Records for this task |
☆ ☆ ☆

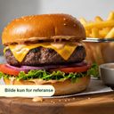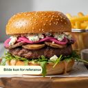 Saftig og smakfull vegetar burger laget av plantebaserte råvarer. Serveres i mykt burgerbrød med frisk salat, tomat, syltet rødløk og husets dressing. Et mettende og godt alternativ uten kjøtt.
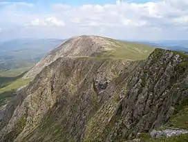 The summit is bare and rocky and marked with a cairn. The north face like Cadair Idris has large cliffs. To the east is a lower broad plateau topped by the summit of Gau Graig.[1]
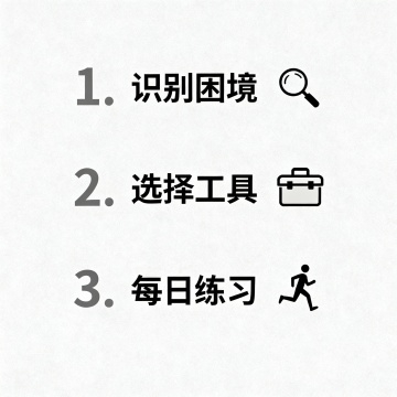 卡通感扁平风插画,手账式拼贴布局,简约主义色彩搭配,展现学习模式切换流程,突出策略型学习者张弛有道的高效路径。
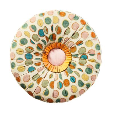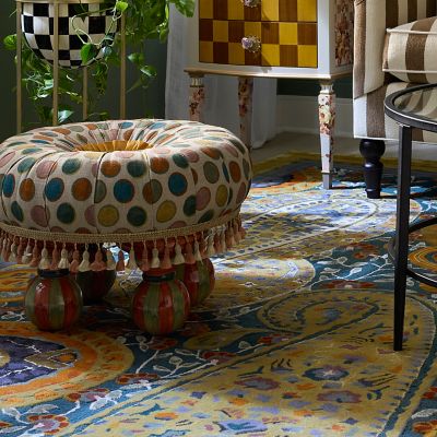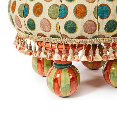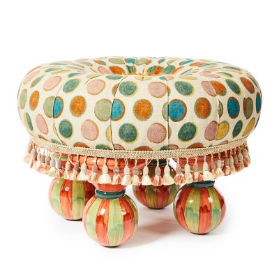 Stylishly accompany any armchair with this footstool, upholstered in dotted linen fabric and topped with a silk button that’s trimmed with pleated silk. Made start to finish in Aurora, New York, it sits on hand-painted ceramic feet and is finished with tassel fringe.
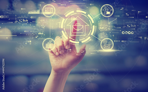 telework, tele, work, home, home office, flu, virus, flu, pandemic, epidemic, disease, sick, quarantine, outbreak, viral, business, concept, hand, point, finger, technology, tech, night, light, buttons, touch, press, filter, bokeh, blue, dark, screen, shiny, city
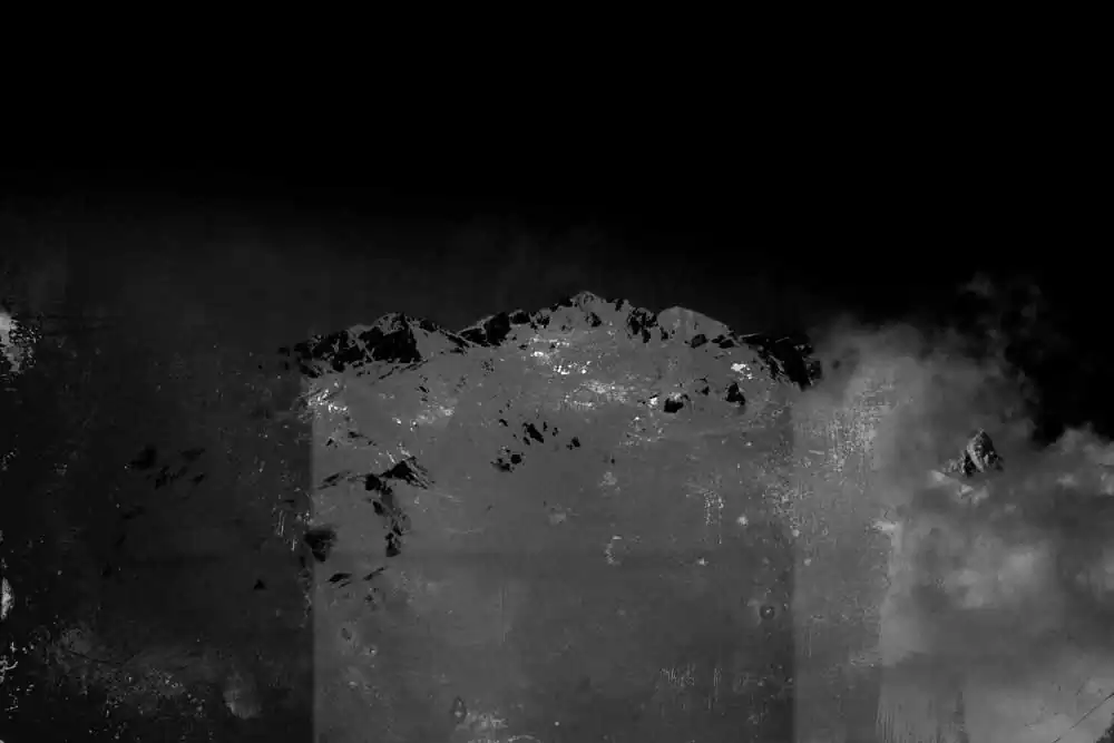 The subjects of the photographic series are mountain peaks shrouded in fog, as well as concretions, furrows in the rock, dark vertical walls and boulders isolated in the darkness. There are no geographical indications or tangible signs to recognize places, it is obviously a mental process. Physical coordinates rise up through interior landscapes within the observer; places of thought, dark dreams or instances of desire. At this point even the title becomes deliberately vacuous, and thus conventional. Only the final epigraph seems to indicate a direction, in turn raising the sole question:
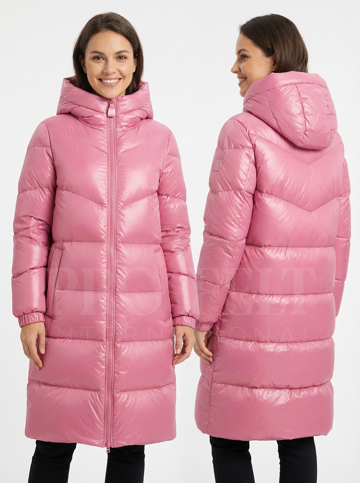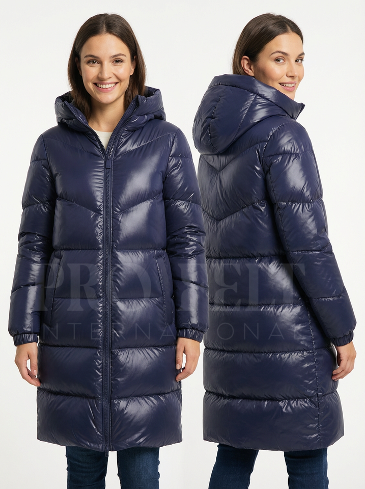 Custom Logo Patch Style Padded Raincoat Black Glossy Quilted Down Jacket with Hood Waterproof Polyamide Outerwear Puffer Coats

☆ ☆ ☆

Directions | Print all of the records shown above exactly, leaving out each picture.

Output of the exercise |
 Saftig og smakfull vegetar burger laget av plantebaserte råvarer. Serveres i mykt burgerbrød med frisk salat, tomat, syltet rødløk og husets dressing. Et mettende og godt alternativ uten kjøtt.
 The summit is bare and rocky and marked with a cairn. The north face like Cadair Idris has large cliffs. To the east is a lower broad plateau topped by the summit of Gau Graig.[1]
 卡通感扁平风插画,手账式拼贴布局,简约主义色彩搭配,展现学习模式切换流程,突出策略型学习者张弛有道的高效路径。
 Stylishly accompany any armchair with this footstool, upholstered in dotted linen fabric and topped with a silk button that’s trimmed with pleated silk. Made start to finish in Aurora, New York, it sits on hand-painted ceramic feet and is finished with tassel fringe.
 telework, tele, work, home, home office, flu, virus, flu, pandemic, epidemic, disease, sick, quarantine, outbreak, viral, business, concept, hand, point, finger, technology, tech, night, light, buttons, touch, press, filter, bokeh, blue, dark, screen, shiny, city
 The subjects of the photographic series are mountain peaks shrouded in fog, as well as concretions, furrows in the rock, dark vertical walls and boulders isolated in the darkness. There are no geographical indications or tangible signs to recognize places, it is obviously a mental process. Physical coordinates rise up through interior landscapes within the observer; places of thought, dark dreams or instances of desire. At this point even the title becomes deliberately vacuous, and thus conventional. Only the final epigraph seems to indicate a direction, in turn raising the sole question:
 Custom Logo Patch Style Padded Raincoat Black Glossy Quilted Down Jacket with Hood Waterproof Polyamide Outerwear Puffer Coats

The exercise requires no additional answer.